So, the first of my aforementioned holidays is underway. I will jump straight into this because to be honest on the surface it has all be relatively stress free. I arrived at the airport with buckets of time to waste in duty free. I breezed through onto the plane and despite suffering next level stomach cramps (Mother Nature really does have a sense of humour) the flight was pretty smooth. My bikinis are packed (thank you ASOS, sorry bank account) and I am ready to sit by a pool and bronze for two weeks. We get to the very comfy hotel ready to have some food and hit the hay. As expected, Cephalonia is one of the most beautiful islands and apparently the perfect place for my anxiety to set in.

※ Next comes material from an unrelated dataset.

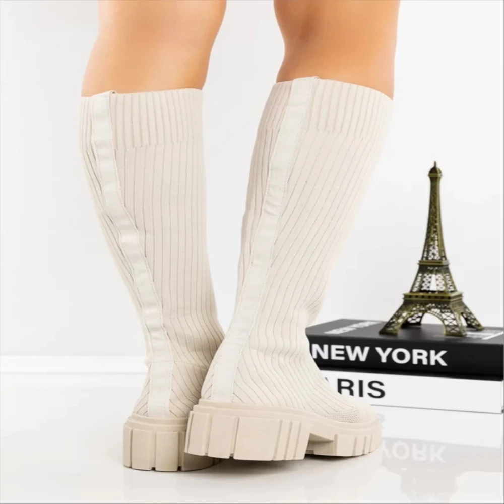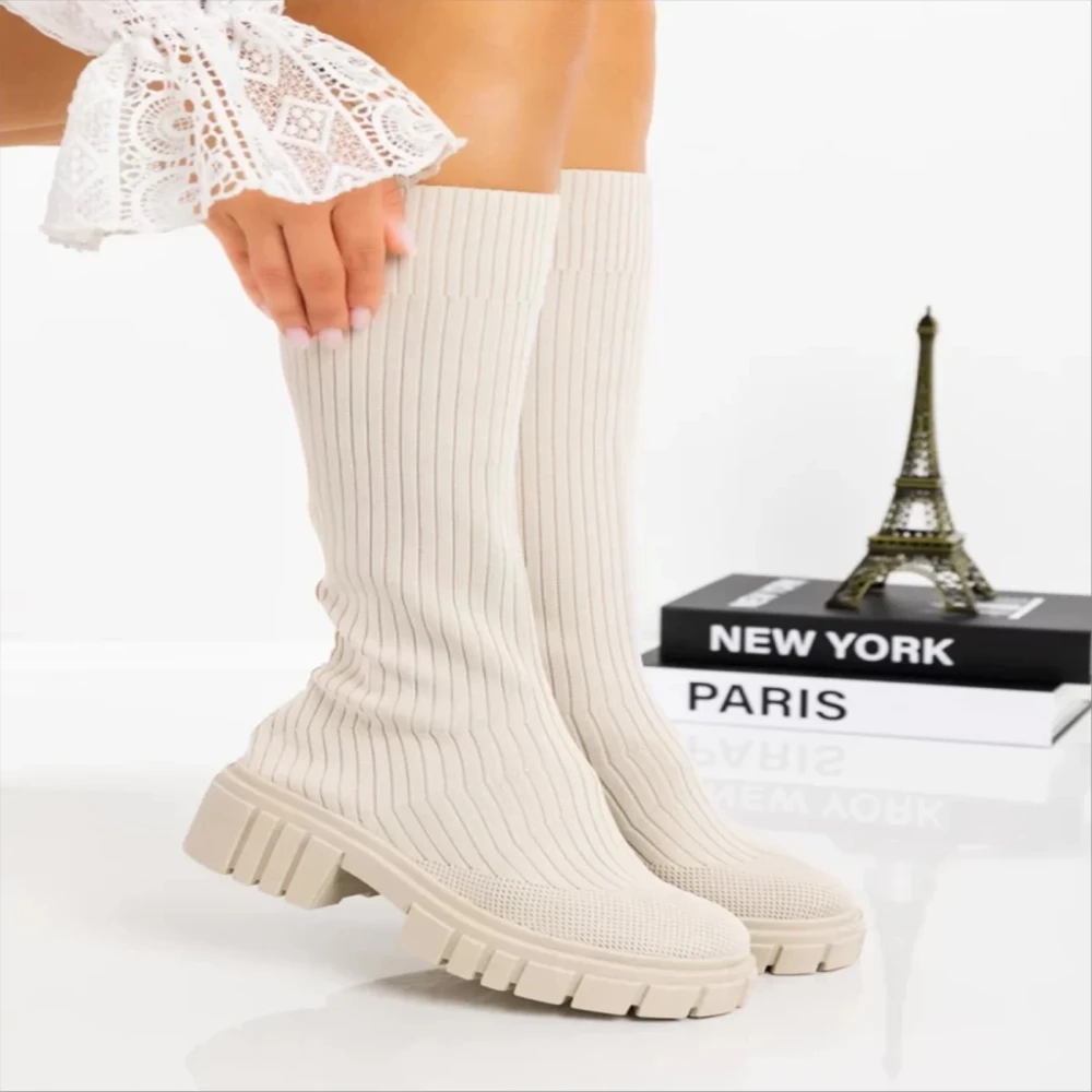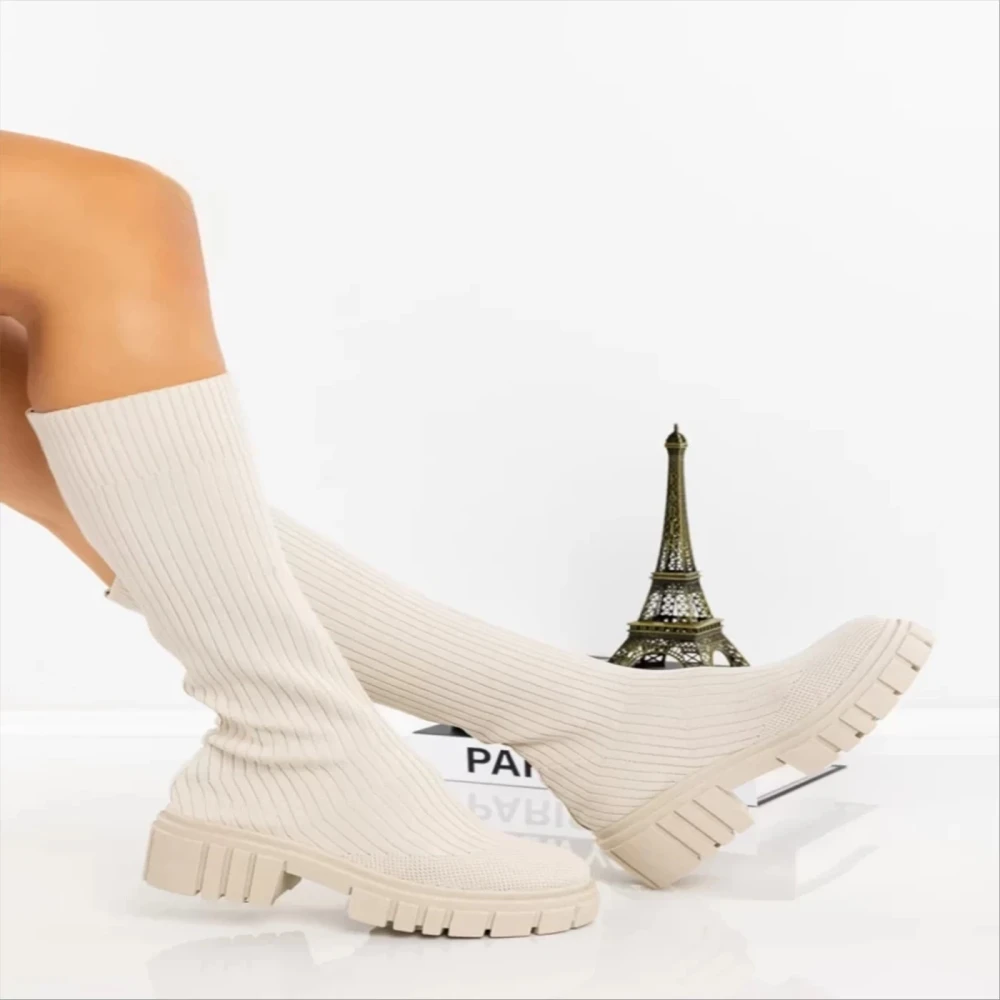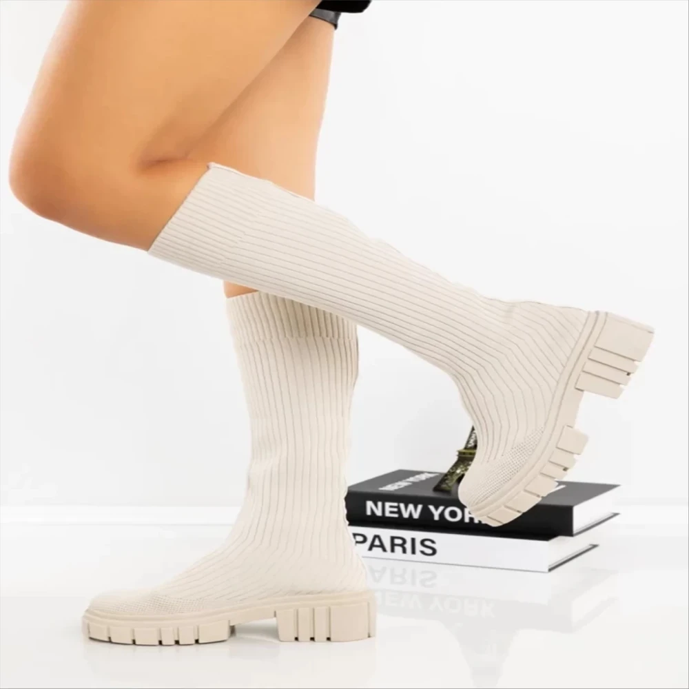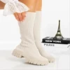 Desmi bézs női csizma textil anyagból Termék leírás

So that is where I am writing this from, my hotel room on my first night at 3:34 am. I am acutely aware that I have no wifi so no way of reconnecting with the outside world which at this point seems galaxies away and I am just sat here with my thoughts (which are racing). I hate that we live in a society which is so driven and lead by technology when there is so much else to enjoy and I never thought I was the type of person who was addicted to their phones. But as I stared at my obsolete iPhone on the bed side table, I never missed aimlessly scrolling through Instagram more! I shall now rate my thoughts (with retrospect) from ridiculous to downright crazy…
- I am going to miss the Love Island final!! I won’t know who wins and some Judas will surely post it on the internet before I get a chance to catch up so it will be well and truly ruined! (At the time this was a very real fear)
- I know my average so I know I have finished university with a 2:1 but what if I am wrong? What if I counted wrong or they decide (for some unknown reason) to give me a surprise third? I won’t know until graduation when I am on the stage…
- Graduation in general…I could fall, I could burp in the chancellor’s face, I might vomit, I might pass out…what if I die?
- Someone might break into my house, steal all of my possessions and set it on fire! I would never know because no one can contact me…
- What if I have a family emergency?
- What if my girlfriend has a family emergency?
- What if any of my friends have a family emergency?
I mean, I’ll spare you all the rest of my thoughts but you get the picture. Maybe it is because my night time activities of checking my emails fifty times, texting and scrolling back to the beginning of time on all social media platforms have been taken away that I am being forced to be chill. Once the feeling of imminent doom has subsided it was actually okay. Aside from being allergic to the sun tan lotion and basically scratching my eyes out I read a few books, a couple of magazines cover to cover and explored the island. Doing nothing and being cut off from the world taught me to be okay about not really being together right now. I don’t know what I am doing or where I am going but not being connected to the rest of the world forced me to make peace with my own thoughts.I had always blamed my inability to sleep and anxious feelings on too much caffeine and lack of exercise but once I sat down and switched off for a little while I was calmer than I have been in months.
(I worked out the wifi password four days into my visit and all was right again…I am disappointed with myself too!)